Data:
- - - - -

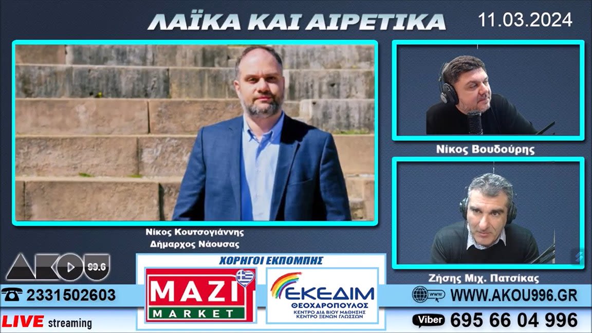 Θετική είδηση έβγαλε η συνέντευξη του δημάρχου Νάουσας το μεσημέρι της Δευτέρας(12/3/2024) στον ΑΚΟΥ 99.6, αφού όπως ανακοίνωσε ο Νίκος Κουτσογιάννης συνεργάζεται στενά με τον αντιδήμαρχο Τουρισμού του δήμου Βέροιας Λάζαρο Ασλανίδη για να πραγματοποιήσουν κοινές εκδηλώσεις, ενώ ξεκαθάρισε ότι πρέπει να αντιληφθούμε ότι είναι κοινό το τουριστικό προϊόν και μόνο με διαδημοτική συνεργασία θα έχουμε τύχη στην τουριστική αγορά. Συγκεκριμένα ο δήμαρχος Νάουσας ανέφερε: «Με τον αντιδήμαρχο Τουρισμού του δήμου Βέροιας Λάζαρο Ασλανίδη έχουμε εξαιρετική επικοινωνία και συνεργασία, κινούμαστε στο ίδιο μήκος κύματος για την ανάπτυξη συνεργειών γιατί μόνο αν λειτουργήσουμε συντονισμένα και αντιληφθούμε ότι το τουριστικό προϊόν είναι ενιαίο θα έχουμε τύχη στην τουριστική αγορά. Να σας ανακοινώσω ότι είμαστε σε συνεννοήσεις με τον δήμο Βέροιας και βρισκόμαστε σε καλό δρόμο για να πραγματοποιήσουμε κοινές εκδηλώσεις κάτι που οφείλουμε για το καλό όλων των δημοτών και την ανάπτυξη και των δύο δήμων. Πρέπει να έχουμε ως στόχο ο επισκέπτης που έρχεται στη Ημαθία να την γνωρίσει στο σύνολό της, να του δείξουμε ότι είμαστε ολοκληρωμένος τουριστικός προορισμός, ώστε να τον κρατήσουμε όσες περισσότερες μέρες γίνεται. Αυτό μπορεί να επιτευχθεί μόνο με συνεργασία κάτι που πραγματοποιούμε ήδη με τον κ. Ασλανίδη, έχοντας κοινή περπατησιά, κάτι για το οποίο είμαι ιδιαίτερα χαρούμενος».
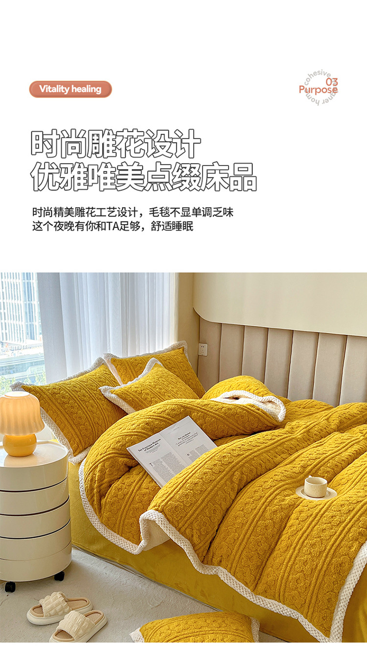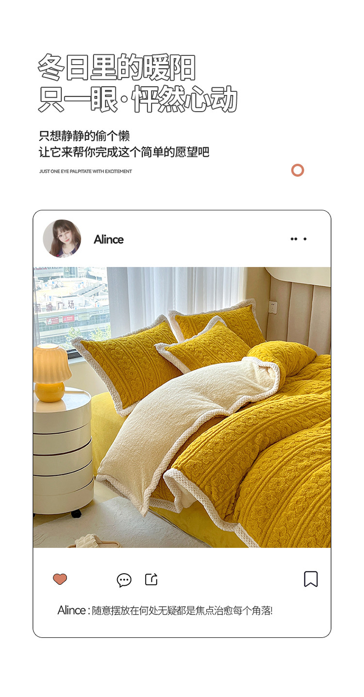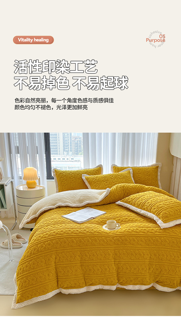 商品名称:摩妮卡2025新款加厚獭兔绒四件套 琥珀黄
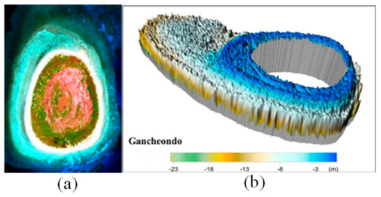 Figure 10. High-precision 3D seabed topography retrieval of the Ganchcondo water area based on remote sensing images. (a) high-resolution multispectral satellite (b) 3D model of the underwater terrain.

- - - - -

To do: Nothing but the pictures may be dropped as you repeat the listing above exactly.

Result for this exercise:
 Θετική είδηση έβγαλε η συνέντευξη του δημάρχου Νάουσας το μεσημέρι της Δευτέρας(12/3/2024) στον ΑΚΟΥ 99.6, αφού όπως ανακοίνωσε ο Νίκος Κουτσογιάννης συνεργάζεται στενά με τον αντιδήμαρχο Τουρισμού του δήμου Βέροιας Λάζαρο Ασλανίδη για να πραγματοποιήσουν κοινές εκδηλώσεις, ενώ ξεκαθάρισε ότι πρέπει να αντιληφθούμε ότι είναι κοινό το τουριστικό προϊόν και μόνο με διαδημοτική συνεργασία θα έχουμε τύχη στην τουριστική αγορά. Συγκεκριμένα ο δήμαρχος Νάουσας ανέφερε: «Με τον αντιδήμαρχο Τουρισμού του δήμου Βέροιας Λάζαρο Ασλανίδη έχουμε εξαιρετική επικοινωνία και συνεργασία, κινούμαστε στο ίδιο μήκος κύματος για την ανάπτυξη συνεργειών γιατί μόνο αν λειτουργήσουμε συντονισμένα και αντιληφθούμε ότι το τουριστικό προϊόν είναι ενιαίο θα έχουμε τύχη στην τουριστική αγορά. Να σας ανακοινώσω ότι είμαστε σε συνεννοήσεις με τον δήμο Βέροιας και βρισκόμαστε σε καλό δρόμο για να πραγματοποιήσουμε κοινές εκδηλώσεις κάτι που οφείλουμε για το καλό όλων των δημοτών και την ανάπτυξη και των δύο δήμων. Πρέπει να έχουμε ως στόχο ο επισκέπτης που έρχεται στη Ημαθία να την γνωρίσει στο σύνολό της, να του δείξουμε ότι είμαστε ολοκληρωμένος τουριστικός προορισμός, ώστε να τον κρατήσουμε όσες περισσότερες μέρες γίνεται. Αυτό μπορεί να επιτευχθεί μόνο με συνεργασία κάτι που πραγματοποιούμε ήδη με τον κ. Ασλανίδη, έχοντας κοινή περπατησιά, κάτι για το οποίο είμαι ιδιαίτερα χαρούμενος».
 商品名称:摩妮卡2025新款加厚獭兔绒四件套 琥珀黄
 Figure 10. High-precision 3D seabed topography retrieval of the Ganchcondo water area based on remote sensing images. (a) high-resolution multispectral satellite (b) 3D model of the underwater terrain.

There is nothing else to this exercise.